Objective: Alterations of the immune–neuroendocrine interplay have been described in chronic fatigue syndrome (CFS). Employing a recently developed method, the study set out to investigate whether patients with CFS have an altered sensitivity to glucocorticoids (GCs) when under stress. Methods: A total of 21 CFS patients and 20 healthy age- and gender-matched controls underwent a standardized psychosocial stress test (Trier Social Stress Test, TSST). Salivary and plasma cortisol levels were measured repeatedly following exposure to the stressor. GC sensitivity was assessed in vitro by dexamethasone inhibition of lipopolysaccharide-stimulated production of interleukin-6 (IL-6) and tumor necrosis factor-alpha (TNC-α). Results: Cortisol responses following the TSST did not differ significantly between CFS patients and healthy controls. GC sensitivity differed significantly between CFS patients and healthy controls, with CFS patients showing a greater sensitivity towards GCs (TNF-α: F1/39 = 7.32, P = 0.01; IL-6: F1/39 = 9.73, P = 0.004). Conclusion: Consistent with recent evidence, CFS patients are characterized by an enhanced sensitivity to glucocorticoids. The implications for secondary processes, such as the regulatory influence of glucocorticoids on immune processes, are discussed.

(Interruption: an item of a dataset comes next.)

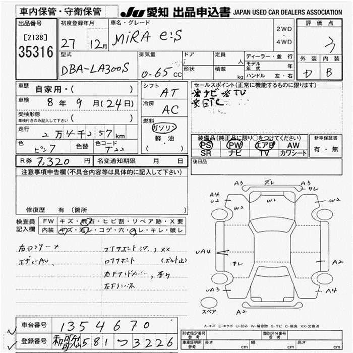 DAIHATSU MIRA E:S 2015 г., лот № 35316

Effects of b-adrenoceptor-blockade on stress-induced adrenocorticotrophin release in humans

Abstract We investigated the mechanisms of stress-induced alterations in adrenocorticotrophin (ACTH) release. Tandem parachutists received either a placebo or the β-adrenoceptor antagonist propranolol prior to a first time parachute jump. Blood samples were drawn 4 h before, immediately after, and 1 h after the jump. Cortisol and catecholamine concentrations displayed a significant stress-induced increase in both groups. The ACTH plasma concentrations significantly increased in the placebo and the propranolol group, with significantly more pronounced changes in the propranolol-treated subjects compared to the placebo group. These data demonstrated a stress-induced increase of ACTH plasma concentrations in humans that was enhanced by β-blockade.